### [PROBLEM STATEMENT]
Write out the full listing exactly as given, minus the images.

### [SUPPLIED INFORMATION]
○ ○ ○

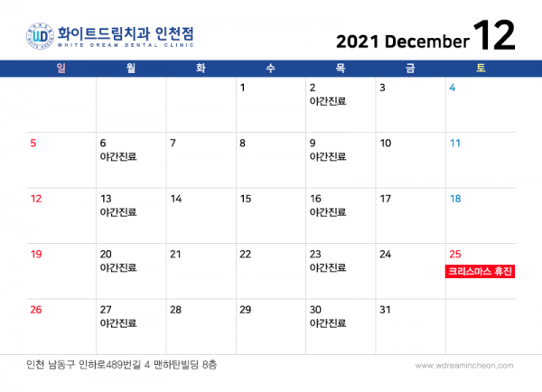 인천화이트드림 치과의 2021년 12월 진료 안내입니다!
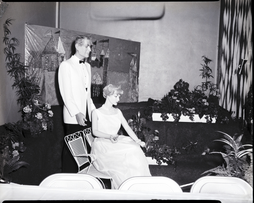 Decorations for the BPOE Ladies of the Elks Sweetheart Ball are on display. A woman mannequin in a dress and tiara sits on a bench, while a man mannequin in a tuxedo stands behind her. A backdrop of a painted castle is in the background. Several plants and flowers are placed around the scene.
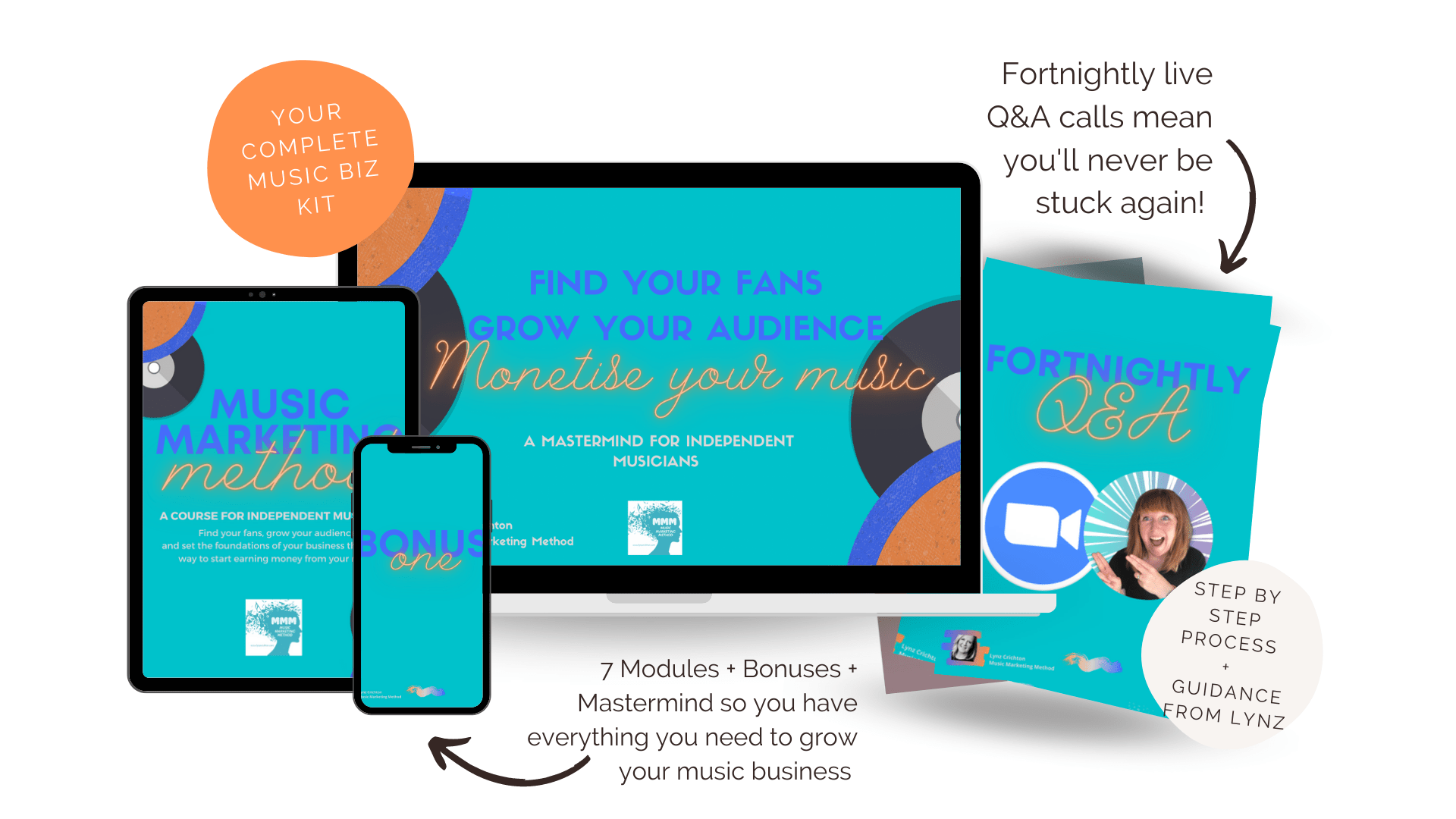 But that's not all! As a member of the Music Marketing Method, you'll also gain access to our exclusive Facebook community. This is a place where you can connect with other like-minded independent musicians, get your questions answered by Lynz or the wider community, and share your own insights and experiences. It's a supportive and empowering space where you can learn, grow, and succeed together.

○ ○ ○

### [ANSWER SPACE]
 인천화이트드림 치과의 2021년 12월 진료 안내입니다!
 Decorations for the BPOE Ladies of the Elks Sweetheart Ball are on display. A woman mannequin in a dress and tiara sits on a bench, while a man mannequin in a tuxedo stands behind her. A backdrop of a painted castle is in the background. Several plants and flowers are placed around the scene.
 But that's not all! As a member of the Music Marketing Method, you'll also gain access to our exclusive Facebook community. This is a place where you can connect with other like-minded independent musicians, get your questions answered by Lynz or the wider community, and share your own insights and experiences. It's a supportive and empowering space where you can learn, grow, and succeed together.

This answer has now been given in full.